The Renal Section, Boston University School of Medicine, Boston, MA, USA.
Nephrol Dial Transplant. 2010 Jun;25(6):1936-43. doi: 10.1093/ndt/gfp739. Epub 2010 Jan 25.
Kidney failure is associated with muscle wasting and physical impairment. Moderate- to high-intensity strength training improves physical performance, nutritional status and quality of life in people with chronic kidney disease and in dialysis patients. However, the effect of low-intensity strength training has not been well documented, thus representing the objective of this pilot study.
Fifty participants (mean +/- SD, age 69 +/- 13 years) receiving long-term haemodialysis (3.7 +/- 4.2 years) were randomized to intra-dialytic low-intensity strength training or stretching (attention-control) exercises twice weekly for a total of 48 exercise sessions. The primary study outcome was physical performance assessed by the Short Physical Performance Battery score (SPPB) after 36 sessions, if available, or carried forward from 24 sessions. Secondary outcomes included lower body strength, body composition and quality of life. Measurements were obtained at baseline and at completion of 24 (mid), 36 (post) and 48 (final) exercise sessions.

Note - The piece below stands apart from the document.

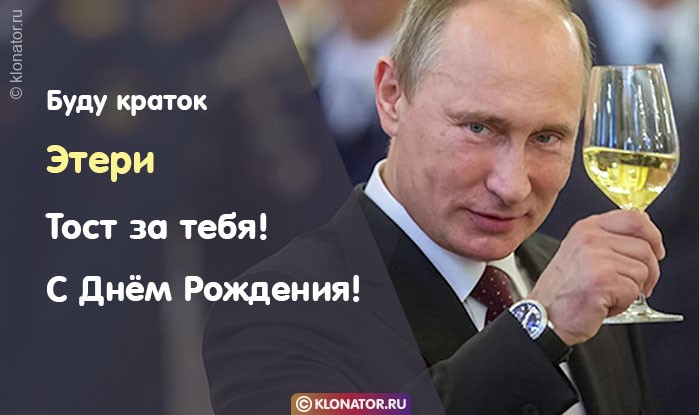 Смешные открытки и голосовые поздравления для имени Этери от портала клонатор.ру вы можете отправить на мобильный телефон в любой мессенджер: телеграмм, ватсап, вайбер. У нас есть праздничные картинки с Днём Рождения и Юбилеем: поздравлениями в прозе, для детей, открытки от Путина, смайлами, мягкими игрушками, тортиками, шоколадками, собаками, с цветами, воздушными шарами, медвежатами, с надписями, подарками, розами, букетами цветов, от Ди Каприо, котиками и просто самые юмористичные.
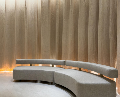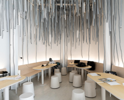 Denizin doğasının fiziksel bir his olarak deneyimlenebileceği gerçek bir yer yaratma fikri ortaya konmuş. Keşif Çağı’nda yelkenli gemilerin ana araçlarından biri olan tekne halatları kullanılmış. Rüzgar, kalınlıkları değişen sayısız halatın arasından geçerek yavaşça sallanmalarına ya da hafifçe titreşmelerine neden oluyor. Işık, çizgilerden süzülüp yansıyarak değişen bir desen yaratıyor. Bu unsurlar birlikte, dalgalar ve titreşimler tarafından şekillendirilen ve sürekli değişen bir alan olan denizin özünü çağrıştırıyor.

Baseline median (IQR) SPPB score was 6.0 (5.0), with 57% of the participants having SPPB scores below 7. Exercise adherence was 89 +/- 15%. The primary outcome could be computed in 44 participants. SPPB improved in the strength training group compared to the attention-control group [21.1% (43.1%) vs. 0.2% (38.4%), respectively, P = 0.03]. Similarly, strength training participants exhibited significant improvements from baseline compared to the control group in knee extensor strength, leisure-time physical activity and self-reported physical function and activities of daily living (ADL) disability; all P < 0.02. Adverse events were common but not related to study participation.
Intra-dialytic, low-intensity progressive strength training was safe and effective among maintenance dialysis patients. Further studies are needed to establish the generalizability of this strength training program in dialysis patients.
肾衰竭与肌肉消耗和身体机能障碍有关。中高强度的力量训练可改善慢性肾脏病患者和透析患者的身体机能、营养状况和生活质量。然而,低强度力量训练的效果尚未得到很好的记录,因此这是本研究的目的。
50 名参与者(平均年龄+/-标准差,69 +/- 13 岁)接受长期血液透析(3.7 +/- 4.2 年),随机分为透析内低强度力量训练或伸展(对照组),每周两次,共 48 次运动。主要研究结果是在 36 次治疗后(如果可行)或在 24 次治疗后(转移)通过短体物理表现电池评分(SPPB)评估的身体表现。次要结果包括下半身力量、身体成分和生活质量。在基线和 24 次(中期)、36 次(后期)和 48 次(最终)治疗结束时进行测量。
基线中位(IQR)SPPB 评分为 6.0(5.0),57%的参与者 SPPB 评分低于 7。运动依从性为 89 +/- 15%。在 44 名参与者中可以计算主要结果。与对照组相比,力量训练组的 SPPB 有所改善[分别为 21.1%(43.1%)和 0.2%(38.4%),P = 0.03]。同样,与对照组相比,力量训练组的膝关节伸肌力量、休闲时间体力活动以及自我报告的身体功能和日常生活活动(ADL)障碍均有显著改善;所有 P < 0.02。不良事件很常见,但与研究参与无关。
维持性透析患者透析内低强度渐进性力量训练安全有效。需要进一步的研究来确定该力量训练方案在透析患者中的普遍性。